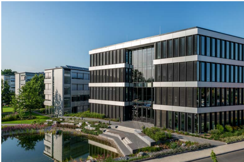
GOLDBECK Stammsitz in 33649 Bielefeld

GOLDBECK baut zukunftsweisende Gewerbeimmobilien in Europa. Gebäude verstehen wir als Produkte, die wir für unsere Kunden aus einer Hand realisieren: vom Design über die Erstellung bis zu Serviceleistungen während des Betriebs. Mit dem Anspruch „building excellence“ verwirklichen wir Immobilien wirtschaftlich, schnell und zuverlässig bei passgenauer Funktionalität. Ganzheitliche Planungskompetenz, die eigene industrielle Vorfertigung sowie führende Technologien sind die Erfolgsfaktoren für unser elementiertes Bauen mit System. Menschlichkeit, Verantwortung und Leistungsbereitschaft bilden die Wertebasis unseres Familienunternehmens. Lösungsorientierte GOLDBECKer begleiten unsere Kunden in regionalen Niederlassungen und handeln als Unternehmer vor Ort. Mit der Erfahrung aus über 10.000 Projekten, unserer Innovationsstärke und als Treiber der Digitalisierung stellen wir sicher, dass unsere Produkte während der Nutzung optimal funktionieren – Zukunftsfähigkeit inklusive.
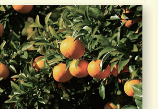
たわわに実ったみかん(御浜町)
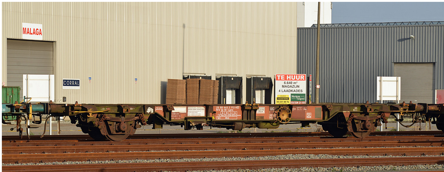
Foto inferior. Plataforma Lgns 25 88 4432 112-9 B-CARGO (Anwerpen.)
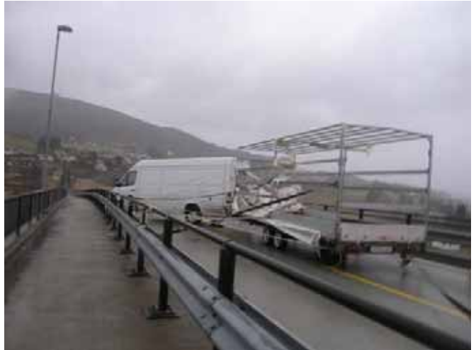
Kapellhengaren var skikkeleg "mat" for stormen. Her er hengaren sikra med reimar og tau.
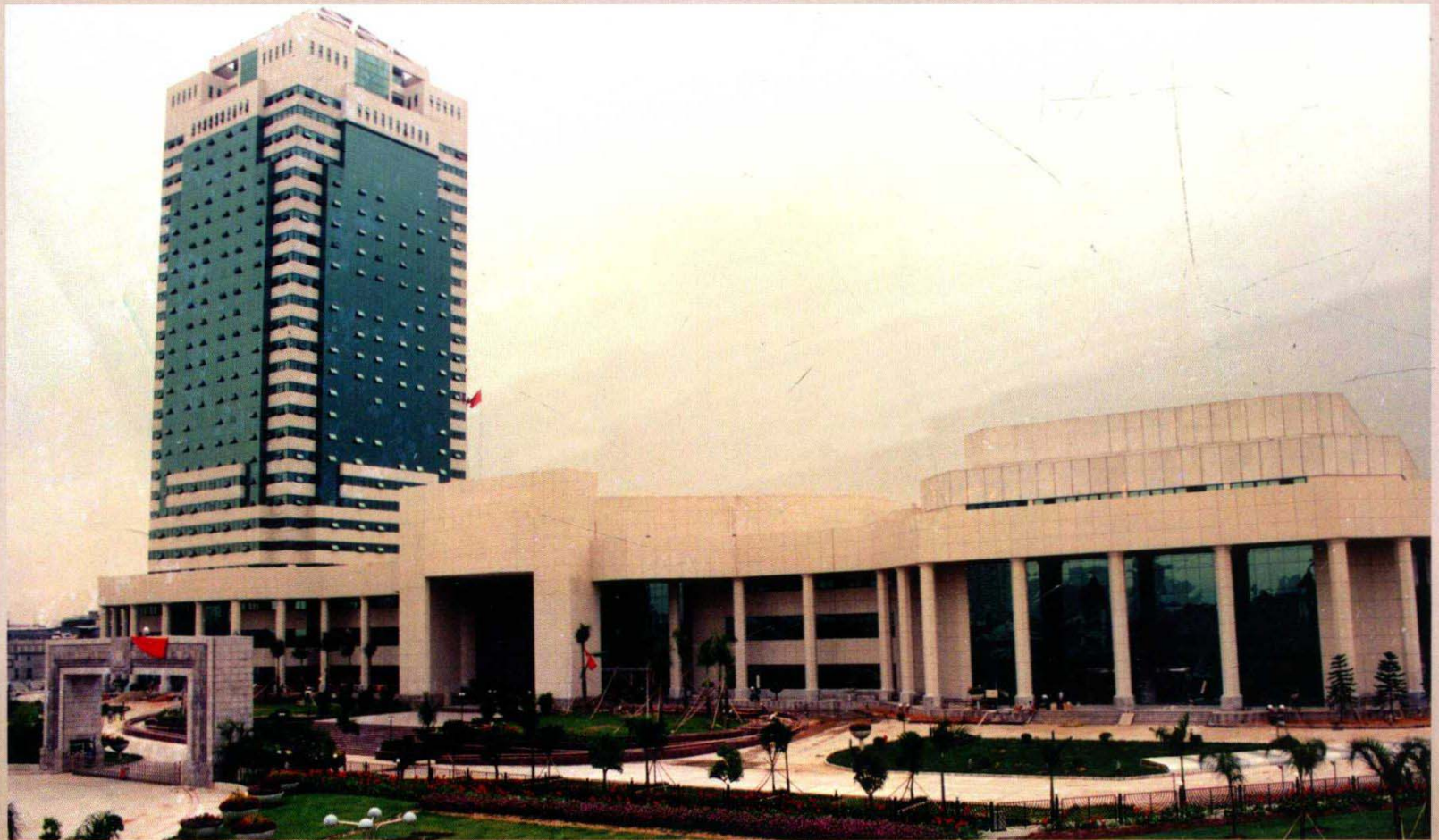
1998年3月后，南山区委区政府办公大楼
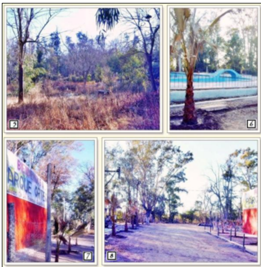
Imagen 16: Estado del Parque Ortega en el año 2011
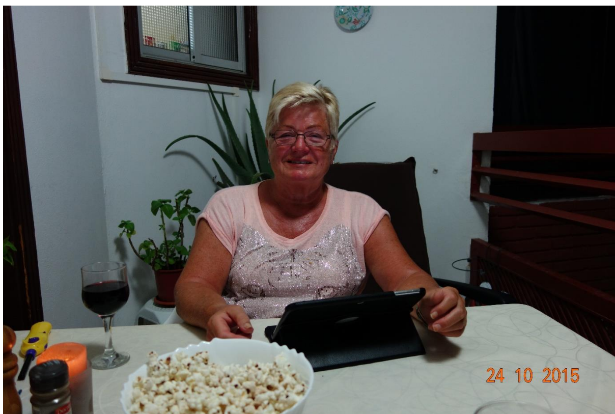
. . . og mens det drysser lett regn som gjør alt rundt oss vått, sitter vi og nyter popkorn på balkongen.
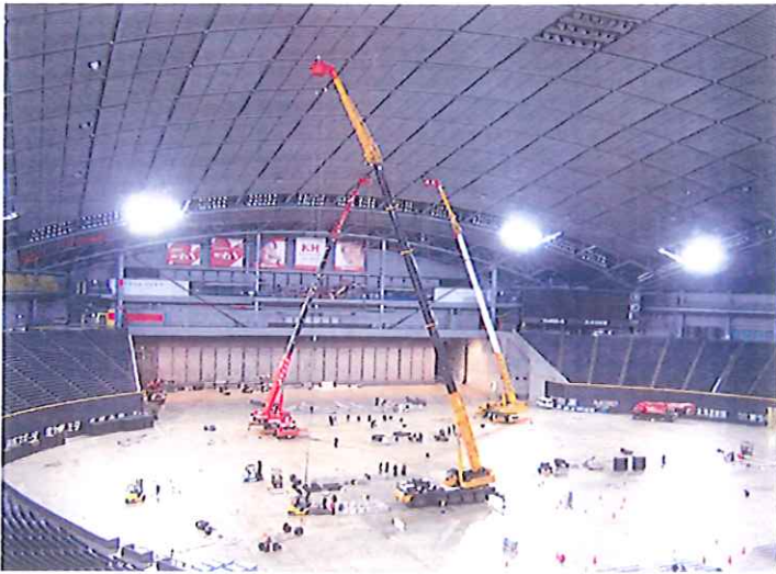
ドーム内 コンサート会場設営 60m作業 120Tクレーン

◇ ◇ ◇ ◇ ◇

Requirement =
The copy should hold exactly the lines above from the one with "Foto inferior. Plataforma" through the one with "Imagen 16: Estado", both ends counted, and no pictures at all.

Response to the exercise =
Foto inferior. Plataforma Lgns 25 88 4432 112-9 B-CARGO (Anwerpen.)
Kapellhengaren var skikkeleg "mat" for stormen. Her er hengaren sikra med reimar og tau.
1998年3月后，南山区委区政府办公大楼
Imagen 16: Estado del Parque Ortega en el año 2011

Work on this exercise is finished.